GZip, gzip, and WordPress: the concepts are simple. The nuances are not.

A deep-dive into compression configuration for WordPress, what common hosting panels get wrong, and why it matters for Core Web Vitals.

7 min read Monday Digital Lab
60% average transfer size reduction achieved with correctly configured compression

How HTTP Compression Works

When a browser requests a resource, it advertises which compression formats it supports via the Accept-Encoding header. A properly configured server reads that header and returns the compressed version of the file alongside a Content-Encoding response header declaring which algorithm was used. The browser decompresses the payload before rendering.

This exchange happens transparently and at negligible CPU cost on modern hardware. The payoff — a 60–80% reduction in transfer size for text-based assets — is one of the highest-return performance optimisations available. It requires no code changes and no CDN contract.

gzip vs. Brotli

gzip has been the default for over two decades and is universally supported. Brotli, developed by Google and standardised in 2016, achieves 15–25% better compression ratios than gzip at equivalent CPU cost. All major browsers support it over HTTPS. If your server and hosting environment support Brotli — and most modern stacks do — there is no reason not to enable it.

The practical recommendation: enable Brotli with gzip as fallback. Most web servers (Nginx, Apache, LiteSpeed) allow both to be configured simultaneously and will serve the best format the client accepts.

Quick check

curl -sI -H "Accept-Encoding: br,gzip" https://yourdomain.com | grep content-encoding — if the response shows "br" you have Brotli. "gzip" means gzip only. No content-encoding header means compression is off entirely.

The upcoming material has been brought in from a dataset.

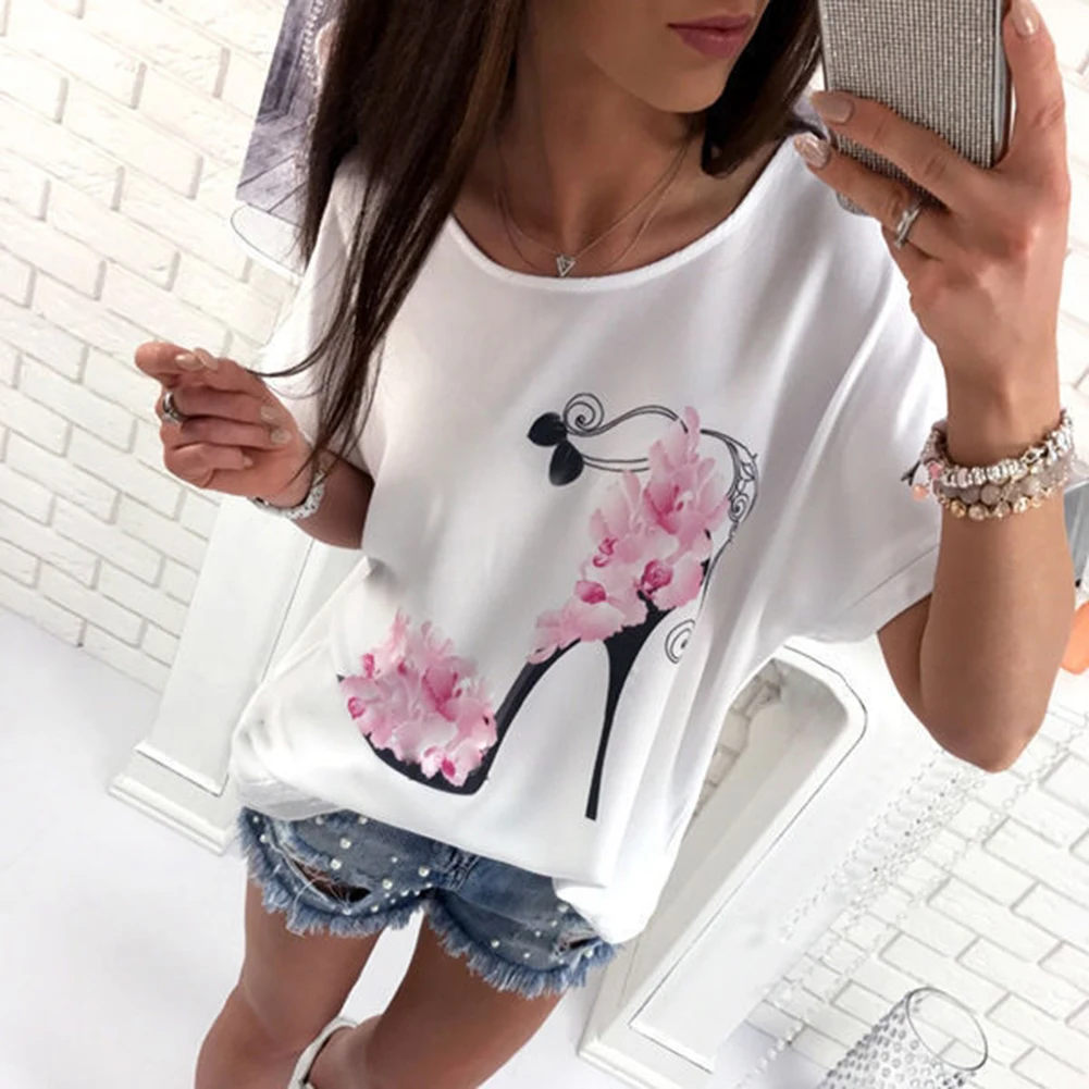 Модная Летняя женская футболка с цветочным принтом на высоком каблуке; Футболка с короткими рукавами и круглым вырезом

What Hosting Panels Get Wrong

The most common error is enabling compression at the caching plugin level while the web server is configured to compress separately. The result is double-compression: the plugin serves pre-compressed files and the server attempts to compress them again. Browsers receive malformed payloads and often silently fall back to uncompressed responses.

A second common mistake is excluding MIME types. Many default server configurations compress HTML but omit JavaScript, CSS, SVG, JSON, and XML. In a typical WordPress page load, JS and CSS account for the majority of compressible payload.

  • cPanel / WHM: The "Optimize Website" module enables mod_deflate on Apache, but only for text/html by default. Additional MIME types must be added manually via .htaccess.
  • Plesk: Compression settings are buried under Apache & Nginx Settings per domain. Brotli is disabled by default and must be enabled per virtual host.
  • SiteGround / Cloudways: Often enable compression at the Nginx layer, but caching plugins such as WP Rocket or LiteSpeed Cache then serve pre-gzipped files via a separate mechanism, creating the double-compression scenario described above.

WordPress-Specific Configuration

WordPress itself does not control HTTP compression — that is the web server's responsibility. However, several caching plugins interact with the server's compression layer in ways that can break it. The rule is: configure compression at exactly one layer.

Nginx — minimal compression block covering all key MIME types
gzip on;
gzip_vary on;
gzip_proxied any;
gzip_comp_level 6;
gzip_types
    text/plain
    text/css
    text/javascript
    application/javascript
    application/json
    application/xml
    image/svg+xml
    font/woff2;

# Brotli (requires ngx_brotli module)
brotli on;
brotli_comp_level 6;
brotli_types
    text/plain
    text/css
    text/javascript
    application/javascript
    application/json
    application/xml
    image/svg+xml
    font/woff2;

Impact on Core Web Vitals

Compression's most direct Core Web Vitals impact is on Largest Contentful Paint. LCP measures the time until the largest visible element is rendered. For most WordPress pages, that element depends on CSS and render-blocking JS being parsed first. Reducing transfer size shortens the time those resources spend in transit, particularly on mobile connections.

On a representative WooCommerce product page we measured — 340 KB of uncompressed JS and CSS — enabling Brotli reduced the compressed payload to 89 KB. On a throttled 4G connection (12 Mbps), that difference translates to approximately 170 ms of saved transfer time before the browser can begin rendering.

LCP signal

If your PageSpeed Insights report flags "Enable text compression" as an opportunity, your server is not compressing. This is a high-priority fix — it costs nothing and typically moves LCP by 100–300 ms on mobile.

How to Verify Your Setup

Never rely on a hosting panel toggle to confirm compression is working. Verify at the HTTP response level. Three methods, in order of reliability:

  • curl with Accept-Encoding: The command shown in the Brotli section above. Pipe through grep content-encoding and confirm the expected algorithm is returned.
  • Browser DevTools → Network tab: Select any JS or CSS file, open the Headers panel, and check the Response Headers for content-encoding. Also compare "Size" (transferred) vs "Transferred" columns — a large gap confirms compression is active.
  • WebPageTest with compression audit: Run a test and check the "Compress Transfer" section. Any asset listed there is uncompressed and should be investigated.